Thursday, December 08, 2005

Microinjecting my brains out ...

I've been microinjecting cells like a madman recently (or perhaps a mad scientist?)

Microinjection is a very useful technique - you can basically shove anything into a cell. Antibodies, DNA, RNA, quantum-dots ...

One question that fellow scientists ask me is whether microinjection damages cells in anyway. You would be surprised how resilient cells are. As far as we know microinjected cells display normal functions. They can transcribe DNA into RNA. They can translate the RNA into protein. They can migrate. In the case of neurons, they can form axons.

One of the classic microinjection papers is Yuli Wang's microinjection of fluorescent actin, a component of the cytoskeleton. Another was Tim Mitchison's injection of fluorescent tubulin, another cytoskeletal component. Both papers led to major discoveries as it allowed the researchers to monitor how cells and molecules change over time.

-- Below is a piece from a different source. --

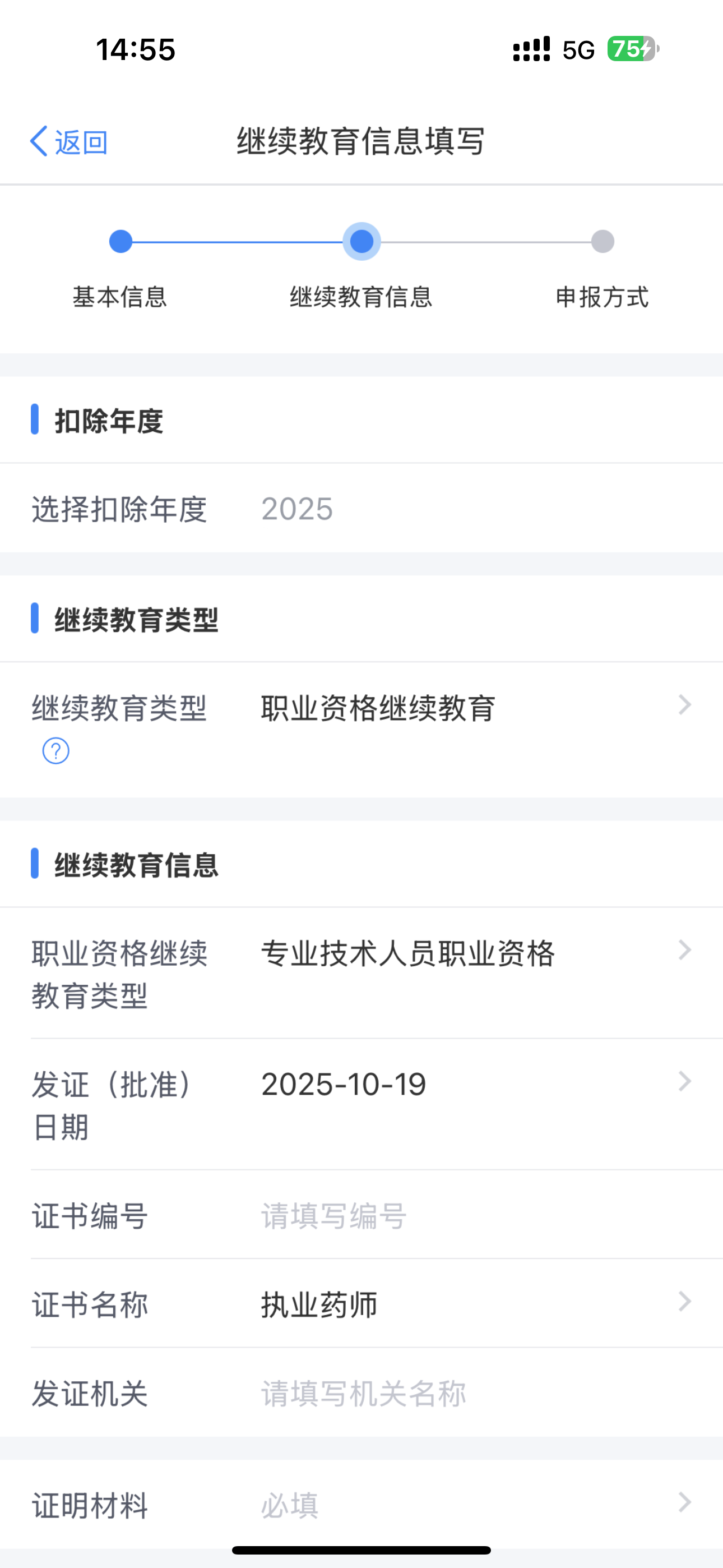 依照要求进行挑选填写(继续教育类型挑选“职业资格继续教育”,继续教育信息挑选“专业技术人员职业资格”,证书称号挑选为“执业药师”);填写完信息点击下一步即可完成申报了。
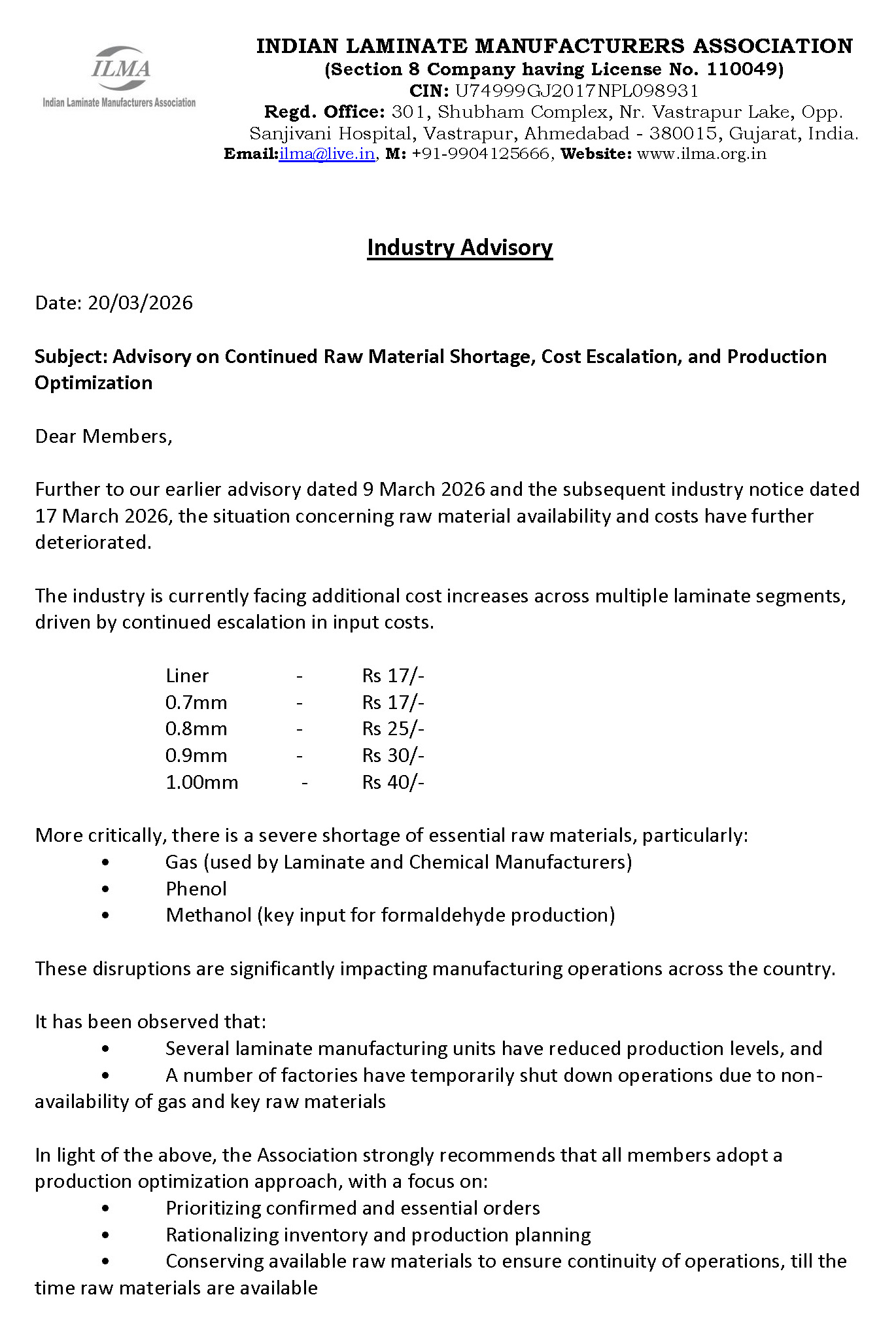 As per ILMA, the situation concerning raw material availability, the industry is currently facing additional cost increases across multiple laminate segments such as Liner, 0.7mm, 0.8mm 0.9mm, 1.00mm by Rs 17, 25, 30 and 40 respectively.

In cells the cytoskeleton could be remodled and reorganized in minutes - it's a dynamic rather than than a solid scafold for the cell. Visualizing molecules inside of living cells was a big deal as the behavior of biological molecules over time - the illusive dimension - could now be analyzed.

Ok I've got another time-point to take care of ...


Taylor DL, Wang YL. Molecular cytochemistry: incorporation of fluorescently labeled actin into living cells.
Proc Natl Acad Sci U S A. 1978 Feb;75(2):857-61.

Mitchison T, Kirschner M. Dynamic instability of microtubule growth.
Nature. 1984 Nov 15-21;312(5991):237-42.